* [Exercise]: Please, from the entries below, transcribe exactly the lines that begin at the line with "Tripod | |||" and end at the line with "ОТВЕТ на задание", without the pictures.

* [Excerpted data]:
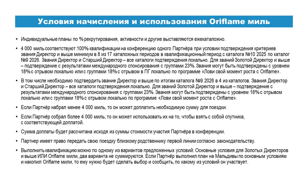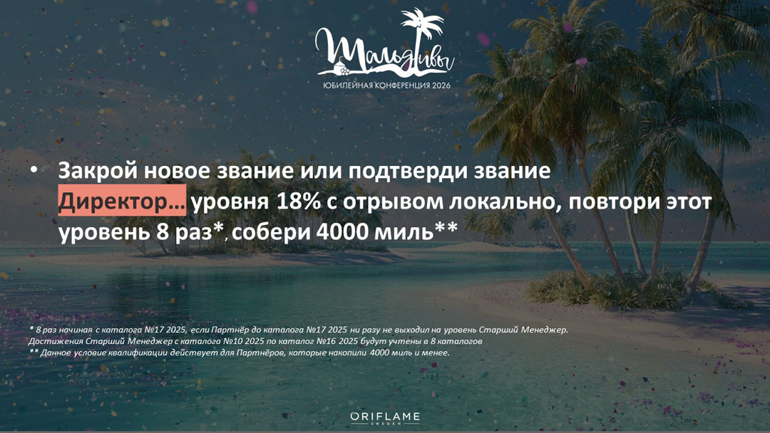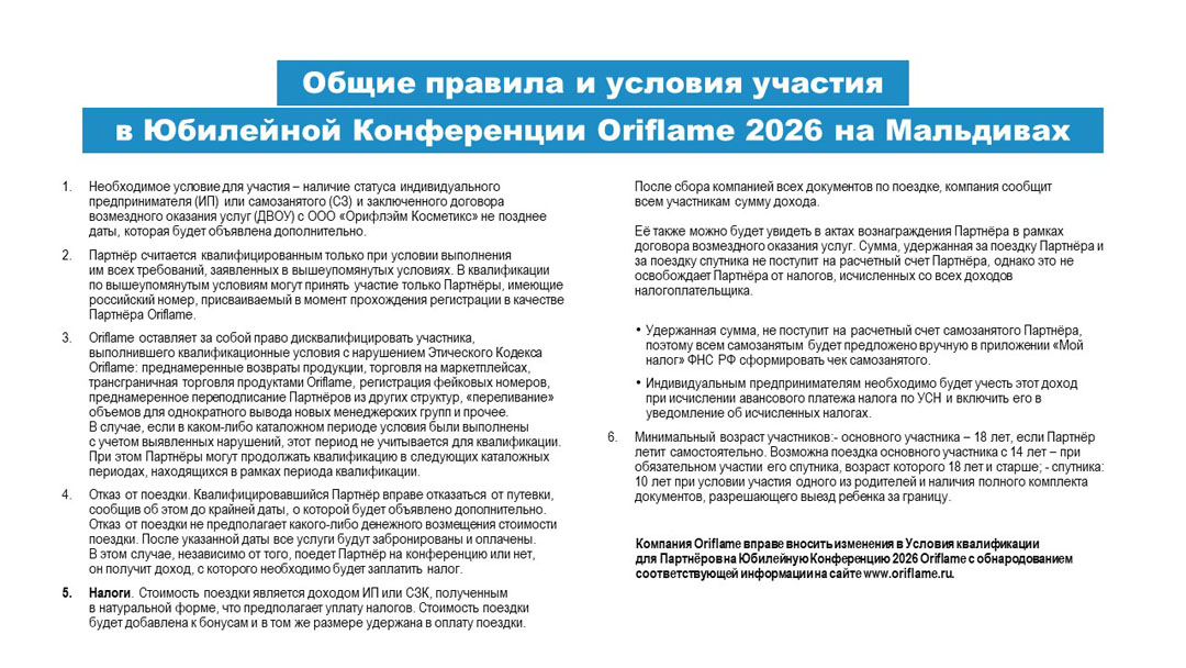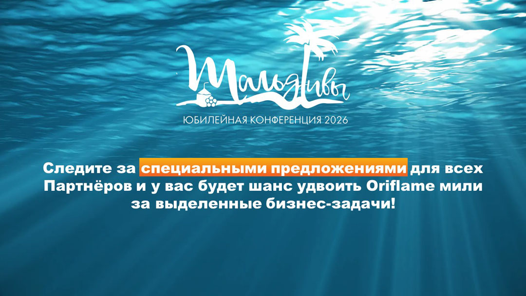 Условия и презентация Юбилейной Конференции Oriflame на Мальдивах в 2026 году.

...

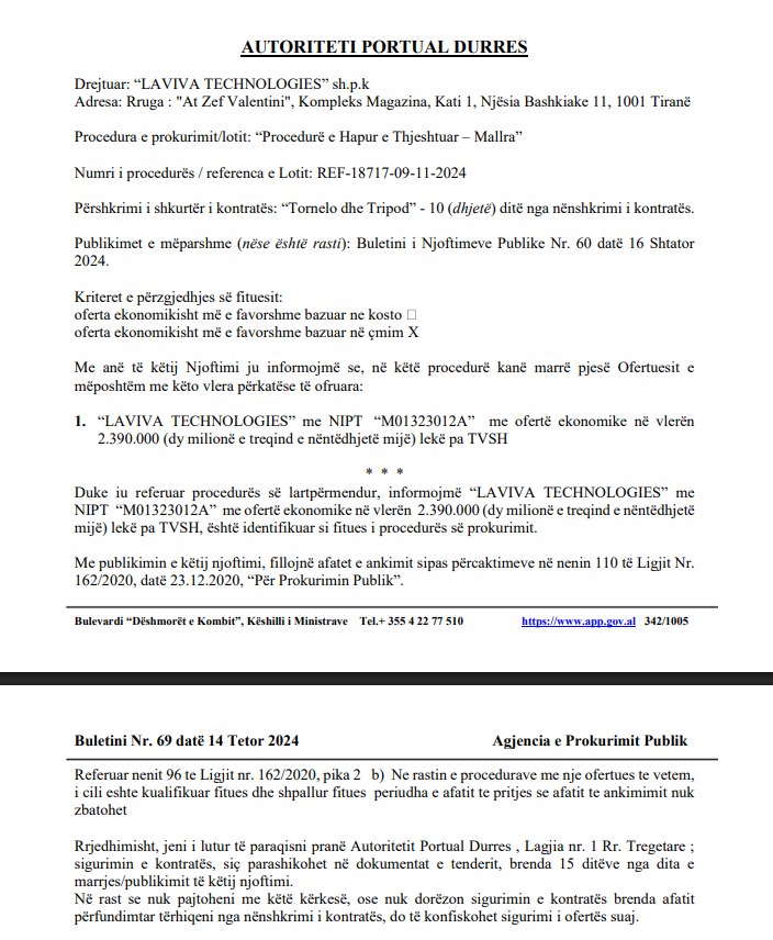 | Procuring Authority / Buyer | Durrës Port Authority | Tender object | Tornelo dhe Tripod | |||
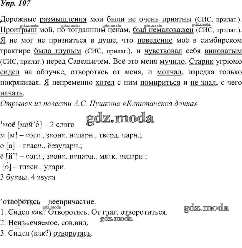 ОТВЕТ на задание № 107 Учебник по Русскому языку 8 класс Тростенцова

* [Written solution]:
 | Procuring Authority / Buyer | Durrës Port Authority | Tender object | Tornelo dhe Tripod | |||
 ОТВЕТ на задание № 107 Учебник по Русскому языку 8 класс Тростенцова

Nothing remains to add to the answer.